Nate Cade: Hi. How are you?

Adriana Linares: I am good. Thanks so much for coming on. I really appreciate it. I know you are busy, and of course, your patience that we had to go through in getting my technology ready for the show was very nice. Thank you.

Nate Cade: You are welcome.

Adriana Linares: Tell our listeners a little bit about your practice.

Nate Cade: Sure. Well, I have got a three person or three attorney law firm based in Milwaukee. I guess we are what you would call virtual in the sense that there is no physical office space. All the attorneys that work for me, including myself, my paralegal, couple of admins, everybody has a home office. And so we set our own hours, come and go when we want, spend quality family time, and get to enjoy ourselves as well as doing work that we love.

Adriana Linares: That’s definitely one of the things I want to ask you about, but I am going to back off on it for just a second so that we can sort of progress through how that became a thing for you. Because if I remember correctly, you have been practicing for a long time and you were general counsel somewhere, maybe a partner at a law firm and then decided to go out on your own?

Nate Cade: Yeah. I started off with one from here in town in Milwaukee, one of the larger ones in the state, and I was there about 15 years, and then I left that firm, went to another firm, smaller, but it had many more offices. I was there for about two years, and I also, not only was a partner, but served as the general counsel for that firm. And then in I guess effective March of 2013 decided to give this a try and go solo.

Adriana Linares: That’s a big — I have had so many — actually at this point in my life most of my friends are lawyers, because I spend so much time with them, and I have watched so many lawyers take that leap, and regardless of how many times people like me tell them, you are going to be fine, you are going to get clients, you are going to survive, that’s a scary thing to decide to do.
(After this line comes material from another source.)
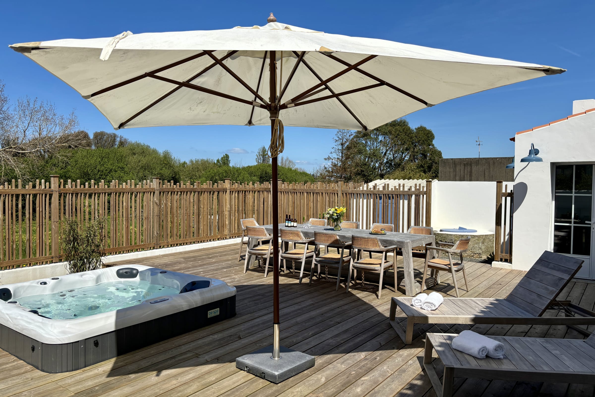 A pleasant outdoor space fitted out with a wooden terrace, a family table, deckchairs, a SPA and a barbecue.

So what made you want to do that and then where did you start?

Nate Cade: Well, for lots of reasons, which I won’t go into, I decided I had to leave the firm I was at, and I kind of faced this sobering choice of, what do I do. I knew I had a lot of clients. I knew that a lot of them would come with me wherever I went. And I did have a couple of things lined up with some other firms and I got to thinking, how is it going to be any different there than it was at the other firms.

And big law firms are great, they are great places to work, great places to collaborate, certainly mentally stimulating. You get to work on fascinating things. You have all the accoutrements that you can imagine. But at the end of the day, most clients tend to choose the lawyer.


And so I made the decision if I was going to do it, I had to do it, and I am glad there wasn’t a Plan B, because I think I listen to a lot of podcasts, and I just listened to one the other day where they basically were saying that people are more successful when they don’t have a back up plan, because then you don’t fall into that, well, if it doesn’t work out, I can always do, whatever; it’s, no, I have a mortgage and student loans and so I don’t have a Plan B, this has to work.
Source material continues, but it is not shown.